Regardless of what length or style of torch you choose, you should consider using a nonmetallic torch liner—Teflon®, nylon, and graphite are the most common options available. Some aluminum liners now have a metal outer coil with a nonmetallic sleeve. This makes them look very similar to steel liners, so be certain the inside diameter (ID) of the liner is correct for your application. Push/pull guns also incorporate a neck liner between the pull wheels in the gun and the diffuser. While these are often coiled metal liners, nonmetallic should also be considered here. Basically, the goal is to ensure nothing in the feeding system can scrape the wire and cause shavings that could plug the liner or back of the contact tip.
Knurled drive rolls can come into play in either the feeder cabinet or a push/pull system.
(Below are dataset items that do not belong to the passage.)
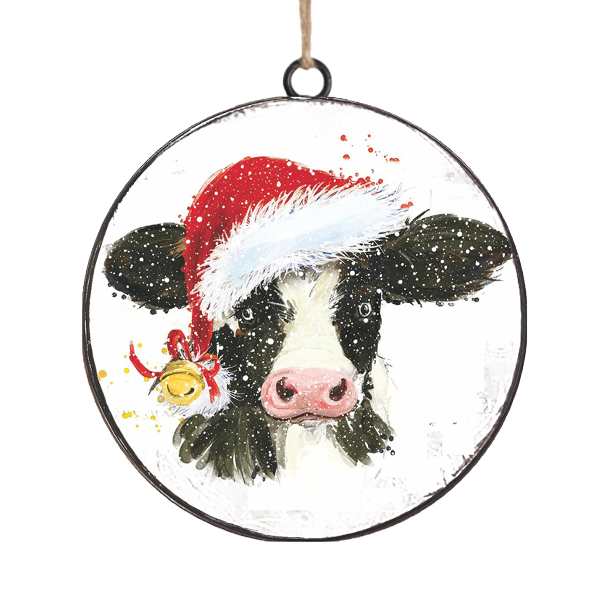 This delightful ornament captures the spirit of the season with a charming depiction of a cow adorned in a festive Santa hat. The vintage-inspired design, framed with a rustic metal finish, evokes warm memories of country holidays and family gatherings, bringing a sense of nostalgia to your decor.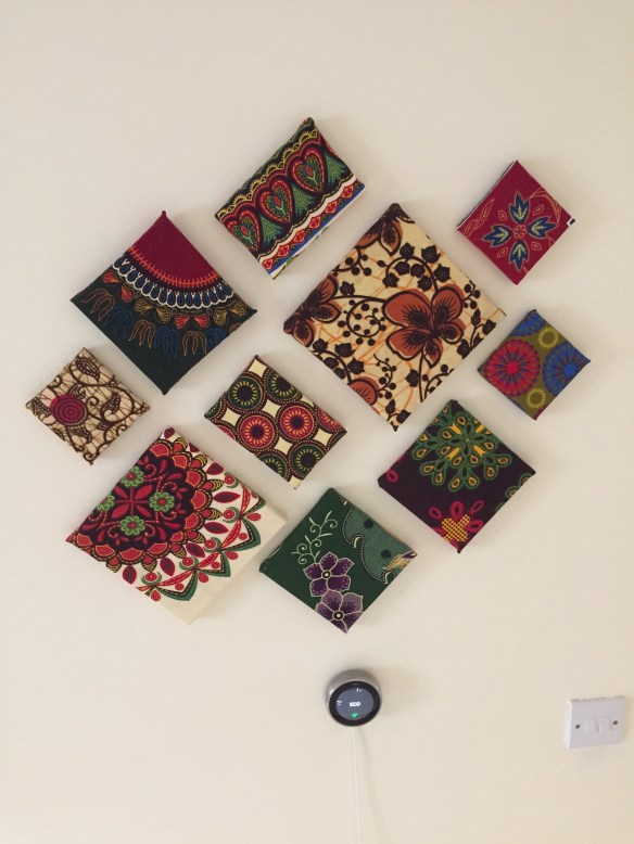 Hanging my new collection of canvasses covered with my African fabrics – a lovely little reminder of my trips to Senegal and Kenya! And I had the excuse to buy a staple-gun!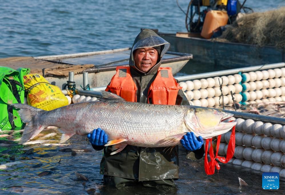 TAIZHOU, 31 enero, 2026 (Xinhua) -- Un pescador muestra un pescado recién capturado durante un evento de pesca de invierno, en Taizhou, en la provincia de Jiangsu, en el este de China, el 31 de enero de 2026. (Xinhua/Gu Jihong)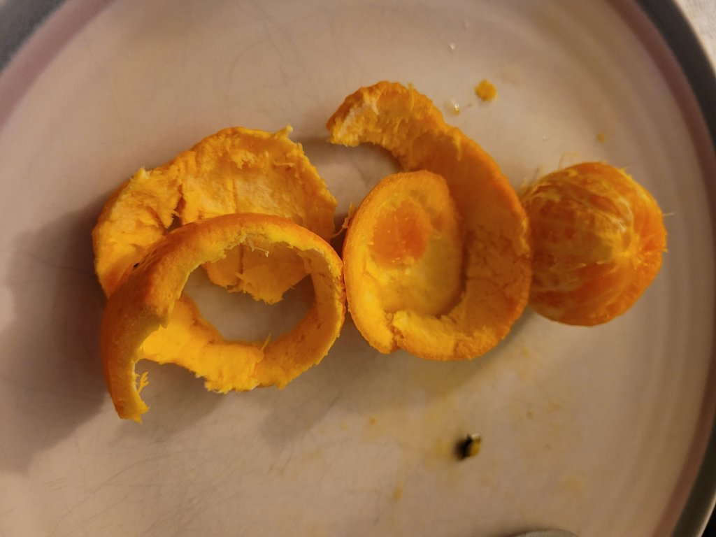 For me, using a utensil to start the initial peeling step is useful because it lets me keep my thumb slightly cleaner, and it doesn’t add very much time. For others, they don’t really care about their nails getting dirty, so peeling by hand is the preferred approach. I enjoyed the ease of cutting the clementine like an orange and may do it in the future as my preferred approach, assuming I have the utensils around.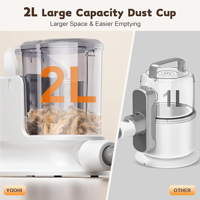 - Easy Empty Dustbin: The dog grooming vacuum kit comes with a 2L upgraded dust collection cup and a thicker hose, so you can finish grooming in one go, whether it's multiple pets or a large dog.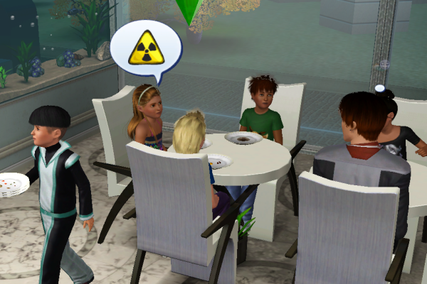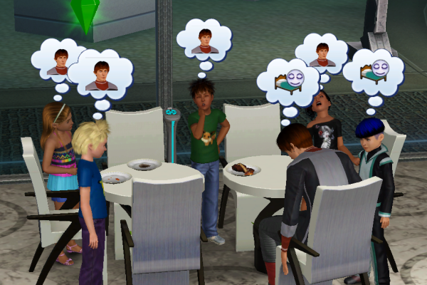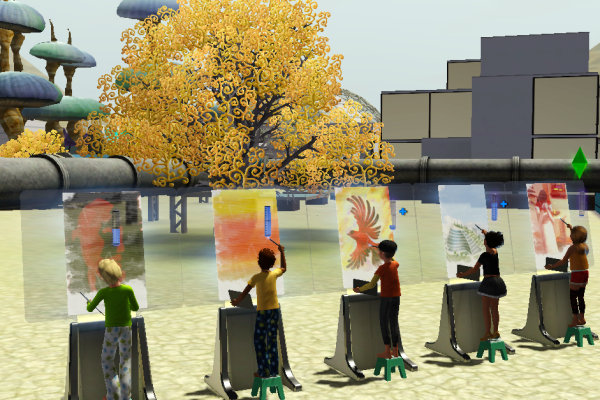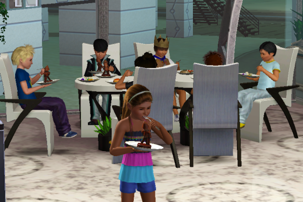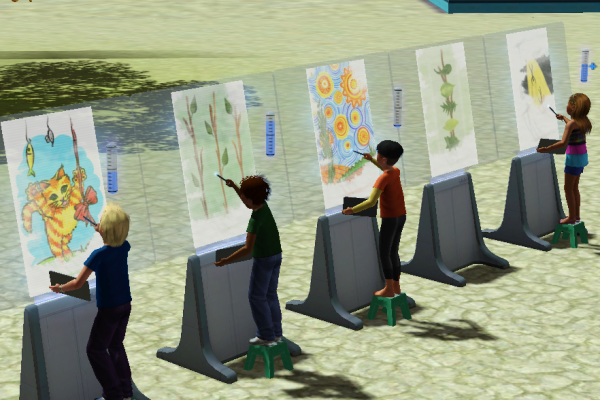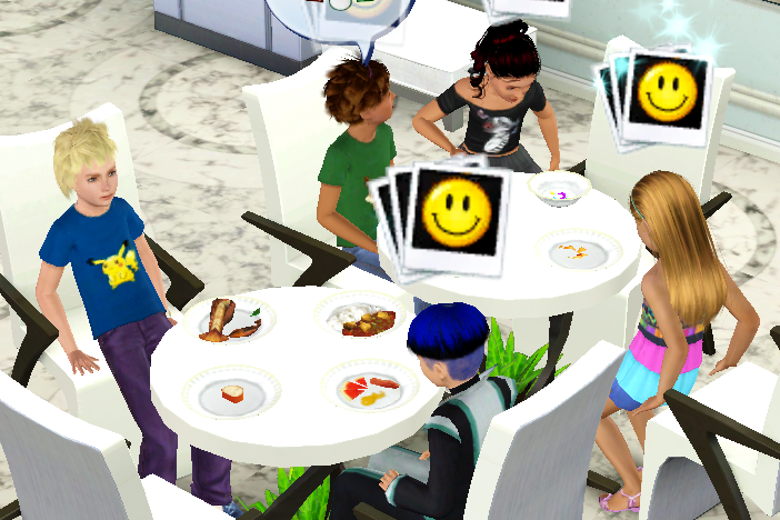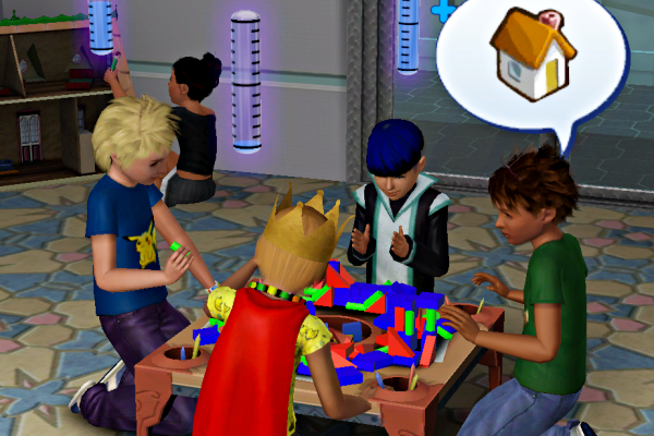 子供達の情緒は完成されて、学習は終了し、どこに行っても安心できる良い子のシムになりました。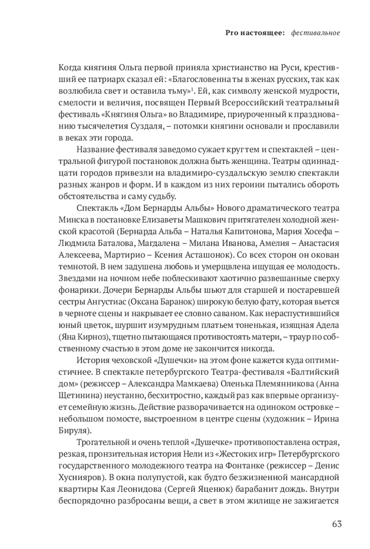 Когда княгиня Ольга первой приняла христианство на Руси, крестивший ее патриарх сказал ей: «Благословенна ты в женах русских, так как возлюбила свет и оставила тьму»1. Ей, как символу женской мудрости, смелости и величия, посвящен Первый Всероссийский театральный фестиваль «Княгиня Ольга» во Владимире, приуроченный к празднованию тысячелетия Суздаля, – потомки княгини основали и прославили в веках эти города.
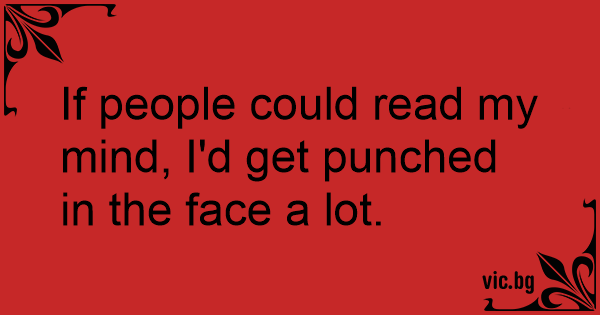If people could read my mind, I'd get punched in the face a lot.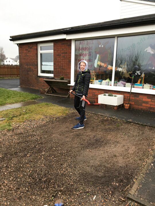 Thank you also to my son, Jasper, who was a real super star working hard in the rain (it wasn't raining when we left home) with me. We recycled the old tricky trail posts and carried all our new woodchip to create a bark pit for outdoor learning for our EYFS children. We went home very wet, muddy, happy and excited to find out what the children think when they see their new improved outdoor learning space on Monday morning.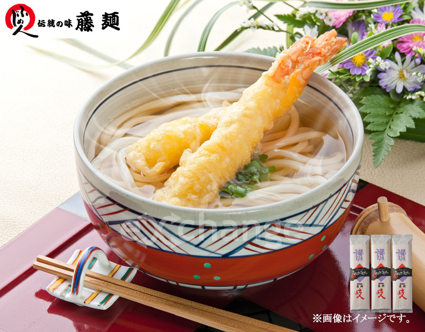 創業明治30年「伝統の味 藤麺」 ツルツルとしたのど越しのよい讃岐うどんです。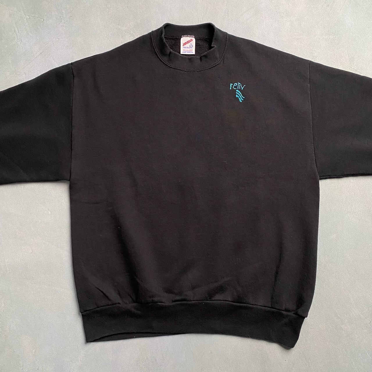 80s~90s USA JERZEES ワンポイント スウェット トレーナー ジャージーズ ブラック L 古着

Generally speaking, knurled drive rolls are not suitable for aluminum GMAW because they slightly cut into the wire, generating a significant amount of shavings that plug the liner and/or contact tip. Knurled rolls are often found in the gun on push/pull systems, but the welders who use them have decided to deal with the shavings in the short neck liner to gain a better grip on the wire. While a system that is properly set up and maintained shouldn’t need the added grip, many companies put them in the push/pull gun as an added measure to help avoid burnbacks and feeding inconsistencies.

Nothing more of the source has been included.